On Twitter, the popular site for short bursts of breaking news, users were tweeting 11,000 election-related posts per minute. Before most polls closed, the hashtag "election2012" surpassed 11 million tweets.
Election Day became the most tweeted-about event in U.S. political history with 20 million tweets, Twitter posted Tuesday night.
President Obama's Twitter feed posted "Four more years" after TV networks declared him the winner. The post was retweeted more than 225,000 times. The digital news site Buzzfeed said it was the most popular tweet of all time.
"Karl Rove" trended when the Republican strategist argued it was still too early to call the election. Most of the tweets mocked Rove, an analyst for Fox News, which was among those reporting that Obama won.
"Fox News is projecting that tomorrow is Wednesday but Karl Rove refuses to believe it," tweeted a user called @doriginale5.
After the call that Obama won, tweets with the hashtag "#election2012" reached more than 325,000 a minute, making it the most tweeted moment of the election, Twitter said.

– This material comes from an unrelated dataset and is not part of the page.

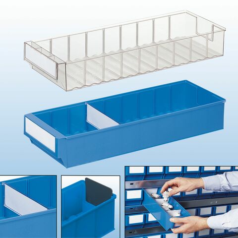 Trennwände sind voll transparent und besitzen ein gleich großes Etikettenfeld wie die Lagerbox. (als Zubehör erhältlich)
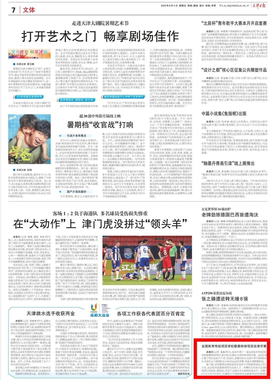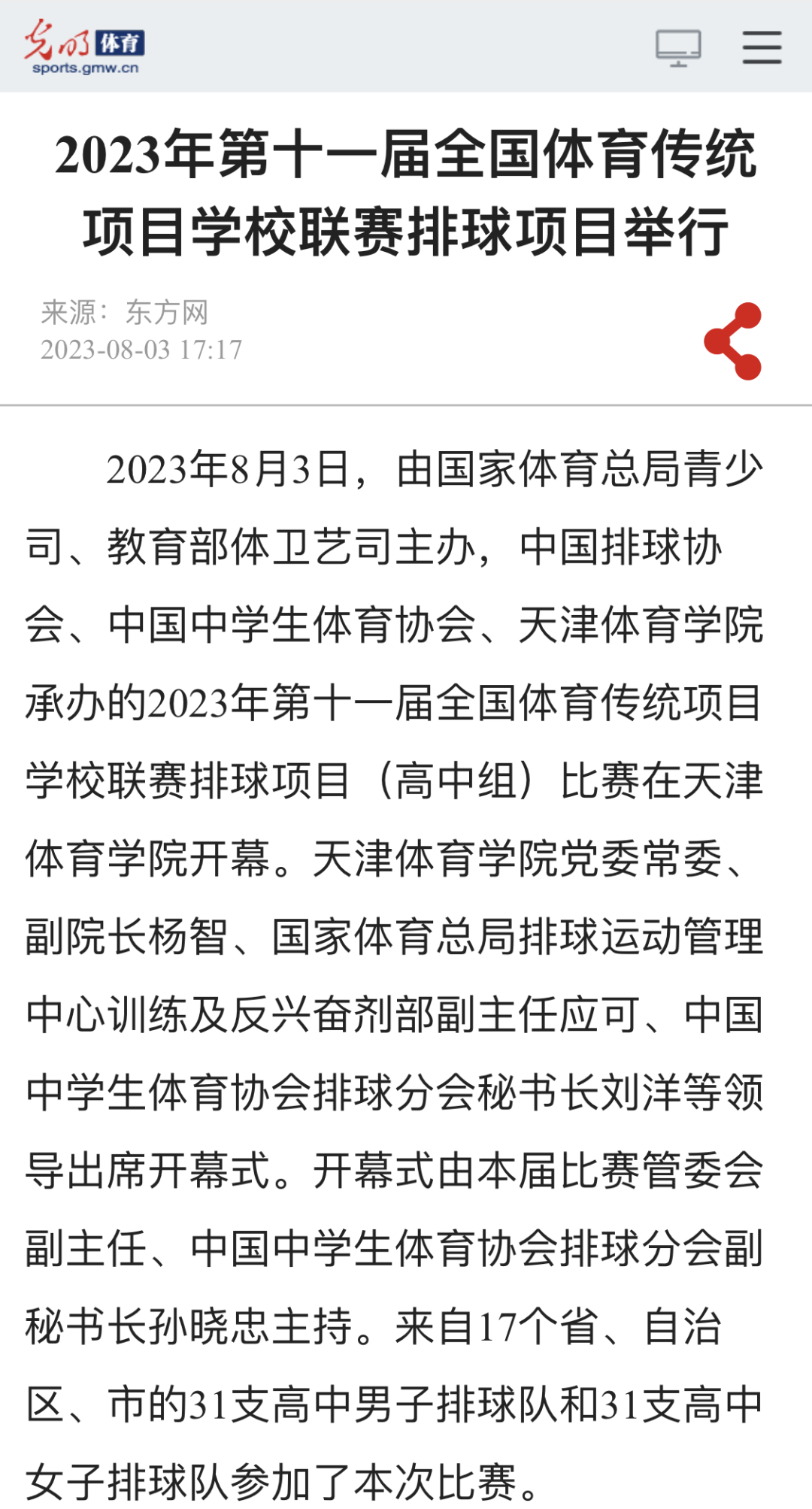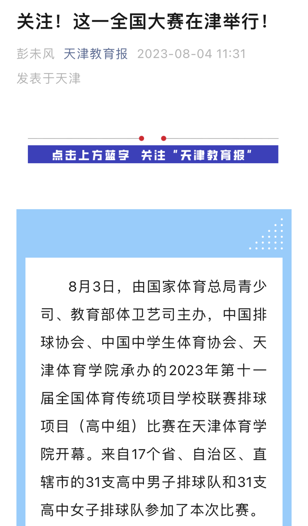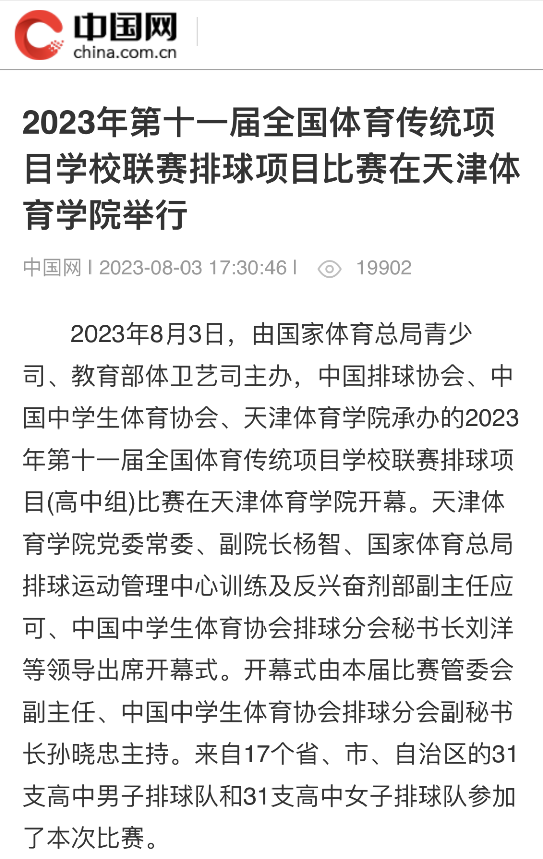 2023年8月3日,由国家体育总局青少司、教育部体卫艺司主办,中国排球协会、中国中学生体育协会、米兰milan官方网站承办的2023年第十一届全国体育传统项目学校联赛排球项目(高中组)比赛在米兰milan官方网站开幕。来自17个省、自治区、直辖市的31支高中男子排球队和31支高中女子排球队参加了本次比赛。新华社、新华网、中国网、中国日报、光明网、《天津日报》、津云、天津广播、天津教育报新媒体、天津教育新媒体等中央和我市多家媒体对此进行了报道。

The big hit Tuesday was the "I voted" stickers voters received after casting their ballots. People posted photos of themselves with the stickers on their shirts, foreheads, children and dogs. The phrase "ivoted" was popular with more than 1.4 million tweets as users posted more than 2,000 tweets a minute with the phrase or similar terms.
On Instagram, the photo-sharing site owned by Facebook, people posted more than 775,000 photos with the term "vote," "ivoted," or some variation and more than 250,000 photos with the word "election" or similar phrase. The photos showed images of users' ballots and lines at their polling places.
But some of that sharing may be illegal, depending on the state. Six states bar recording inside a polling place, and 34 don't allow photos or filming of marked ballots, according to the Citizen Media Law Project.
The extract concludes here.